A group behind Stable Diffusion wants to open source emotion-detecting AI

In 2019, Amazon upgraded its Alexa assistant with a feature that enabled it to detect when a customer was likely frustrated — and respond with proportionately more sympathy. If a customer asked Alexa to play a song and it queued up the wrong one, for example, and then the customer said “No, Alexa” in an upset tone, Alexa might apologize — and request a clarification.

Now, the group behind one of the data sets used to train the text-to-image model Stable Diffusion wants to bring similar emotion-detecting capabilities to every developer — at no cost.

This week, LAION, the nonprofit building image and text data sets for training generative AI, including Stable Diffusion, announced the Open Empathic project. Open Empathic aims to “equip open source AI systems with empathy and emotional intelligence,” in the group’s words.

“The LAION team, with backgrounds in healthcare, education and machine learning research, saw a gap in the open source community: emotional AI was largely overlooked,” Christoph Schuhmann, a LAION co-founder, told TechCrunch via email. “Much like our concerns about non-transparent AI monopolies that led to the birth of LAION, we felt a similar urgency here.”

Through Open Empathic, LAION is recruiting volunteers to submit audio clips to a database that can be used to create AI, including chatbots and text-to-speech models, that “understands” human emotions.
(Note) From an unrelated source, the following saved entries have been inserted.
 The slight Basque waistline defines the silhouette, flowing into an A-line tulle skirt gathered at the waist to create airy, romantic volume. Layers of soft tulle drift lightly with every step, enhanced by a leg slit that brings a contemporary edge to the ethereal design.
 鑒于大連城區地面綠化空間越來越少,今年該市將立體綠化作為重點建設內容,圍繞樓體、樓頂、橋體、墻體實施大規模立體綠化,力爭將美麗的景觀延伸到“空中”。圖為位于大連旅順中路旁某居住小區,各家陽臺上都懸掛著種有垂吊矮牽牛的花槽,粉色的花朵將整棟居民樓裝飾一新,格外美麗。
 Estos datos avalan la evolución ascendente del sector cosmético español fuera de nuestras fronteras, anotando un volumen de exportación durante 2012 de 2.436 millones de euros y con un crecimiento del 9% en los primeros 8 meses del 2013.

“With Open Empathic, our goal is to create an AI that goes beyond understanding just words,” Schuhmann added. “We aim for it to grasp the nuances in expressions and tone shifts, making human-AI interactions more authentic and empathetic.”

LAION, an acronym for “Large-scale Artificial Intelligence Open Network,” was founded in early 2021 by Schuhmann, who’s a German high school teacher by day, and several members of a Discord server for AI enthusiasts. Funded by donations and public research grants, including from AI startup Hugging Face and Stability AI, the vendor behind Stable Diffusion, LAION’s stated mission is to democratize AI research and development resources — starting with training data.
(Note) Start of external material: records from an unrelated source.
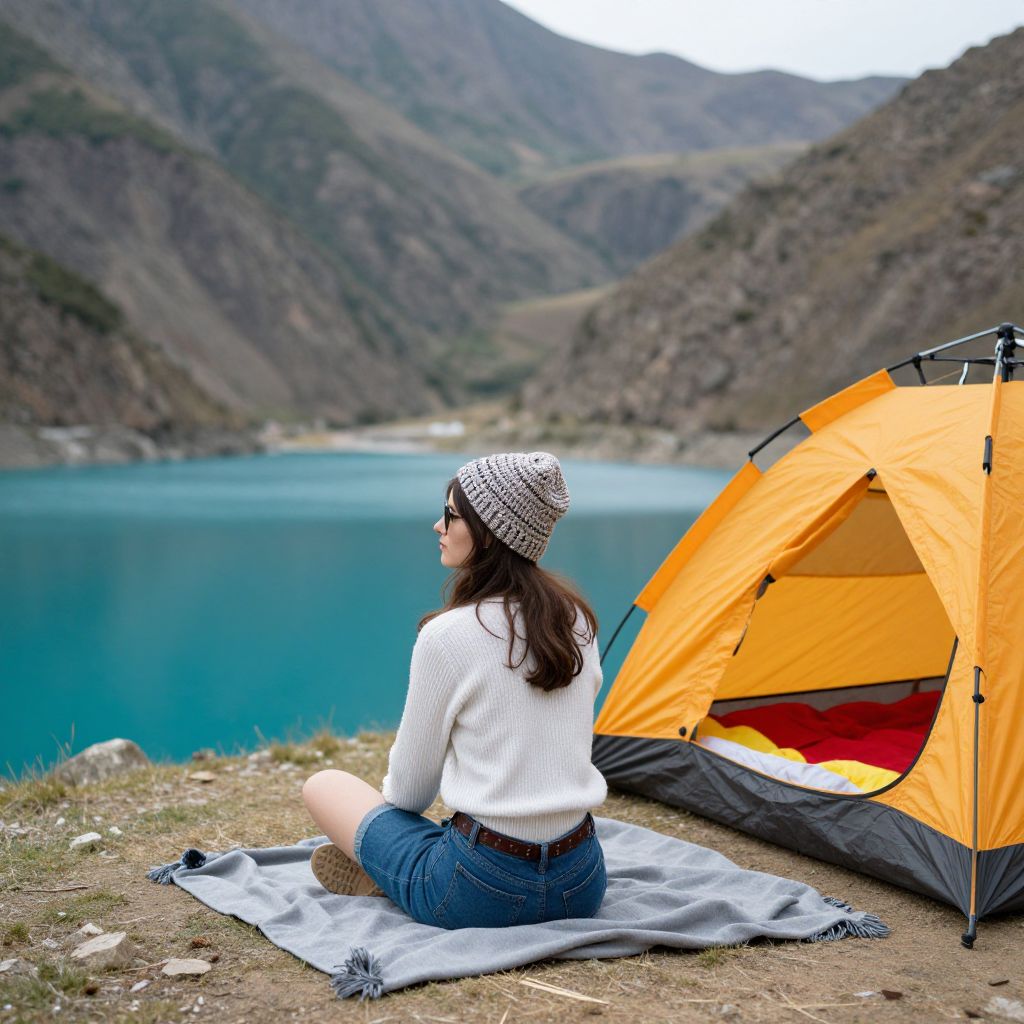 Photograph of a young woman with long brown hair, wearing a white knit beanie, striped crop top, and high-waisted blue denim shorts, sitting on a gray blanket beside an orange and yellow tent by a turquoise lake. She faces away, gazing at the mountainous landscape with steep, green-covered slopes and a cloudy sky. The tent has black accents and is pitched on a grassy, rocky terrain. The image conveys a serene, outdoor camping scene.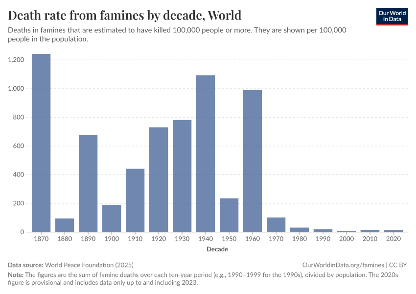 The sharp reduction in famine mortality represents "one of the great unacknowledged triumphs of our lifetime", as famine researcher, Alex de Waal describes it.5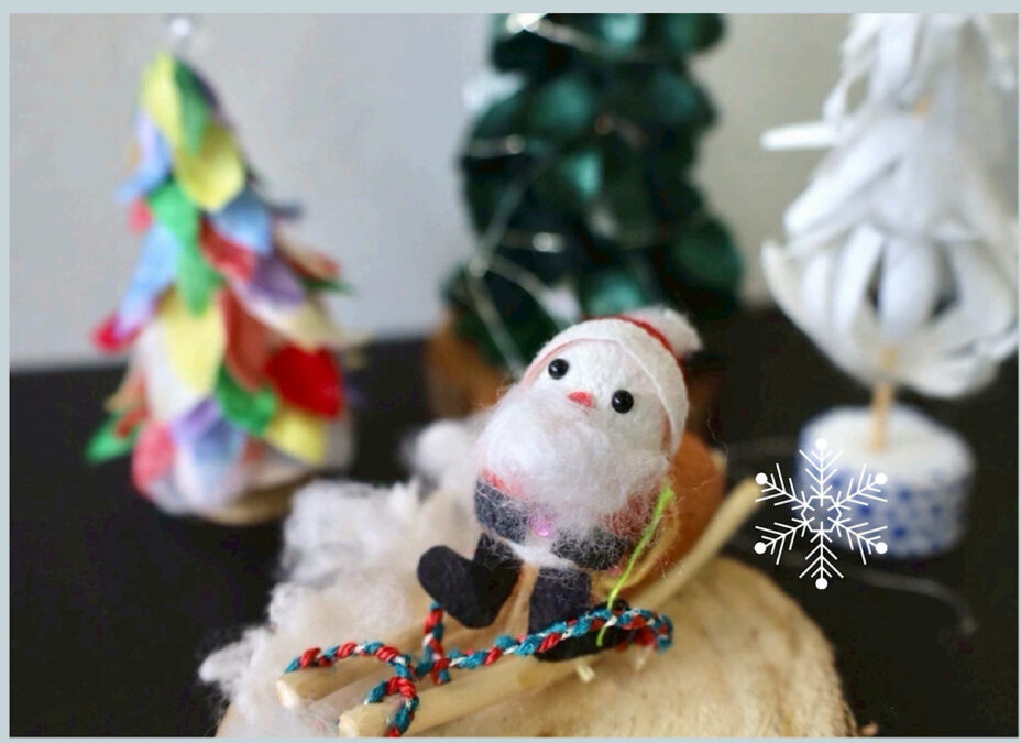 今回はまゆを使って「クリスマスのまゆ工作」。繭を使って、サンタさん、ソリ、もみの木を作ります。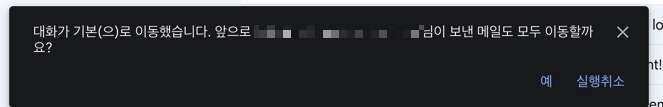 이메일을 프로모션에서 기본으로 이동하면 화면 하단에 팝업 메시지가 표시됩니다. Google이 이 이메일 주소에서 오는 향후 이메일을 프로모션 탭 대신 기본 탭으로 직접 이동하기를 원하는지 묻습니다.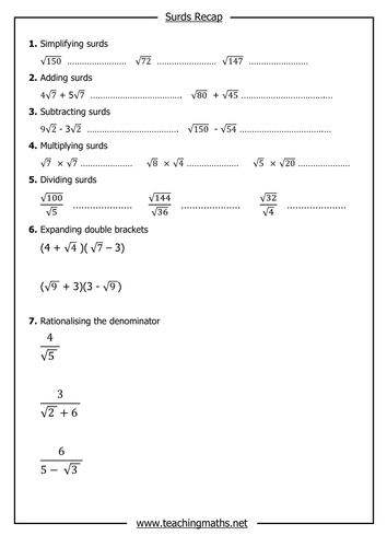 Surds Worksheets Teaching Resources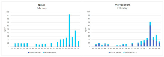 Soluble and residual fractions of Ni and Mo concentrations (ng/m3) recorded in February at the 23 collection sites.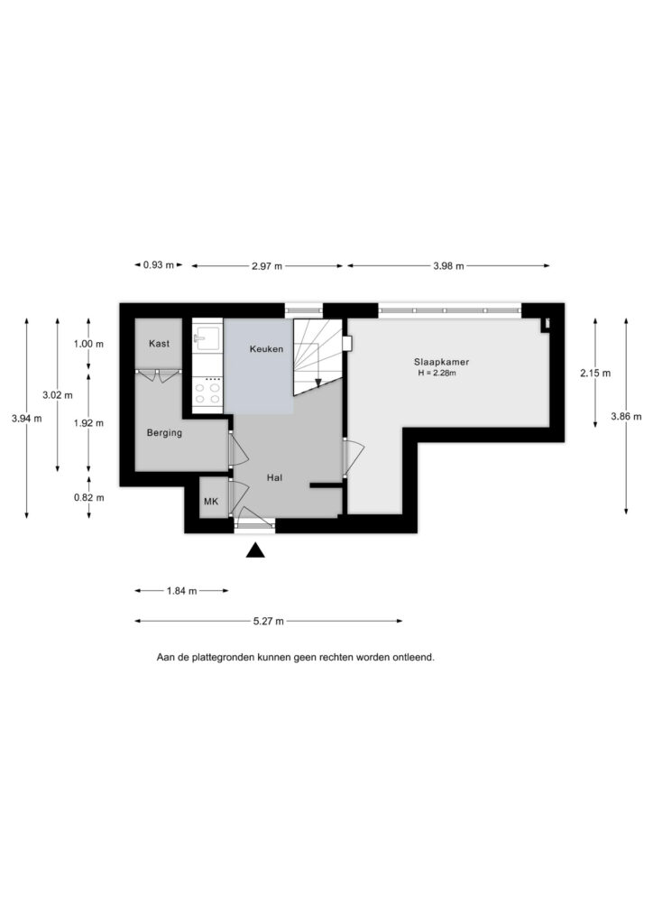 Souterrain: Entree, hal, keuken, slaapkamer, berging trap naar begane grond

“We’re driven by a clear mission: to harness the power of AI in ways that can genuinely benefit society,” Kari Noriy, an open source contributor to LAION and a PhD student at Bournemouth University, told TechCrunch via email. “We’re passionate about transparency and believe that the best way to shape AI is out in the open.”

Hence Open Empathic.

For the project’s initial phase, LAION has created a website that tasks volunteers with annotating YouTube clips — some pre-selected by the LAION team, others by volunteers — of an individual person speaking. For each clip, volunteers can fill out a detailed list of fields, including a transcription for the clip, an audio and video description and the person in the clip’s age, gender, accent (e.g. “British English”), arousal level (alertness — not sexual, to be clear) and valence level (“pleasantness” versus “unpleasantness”).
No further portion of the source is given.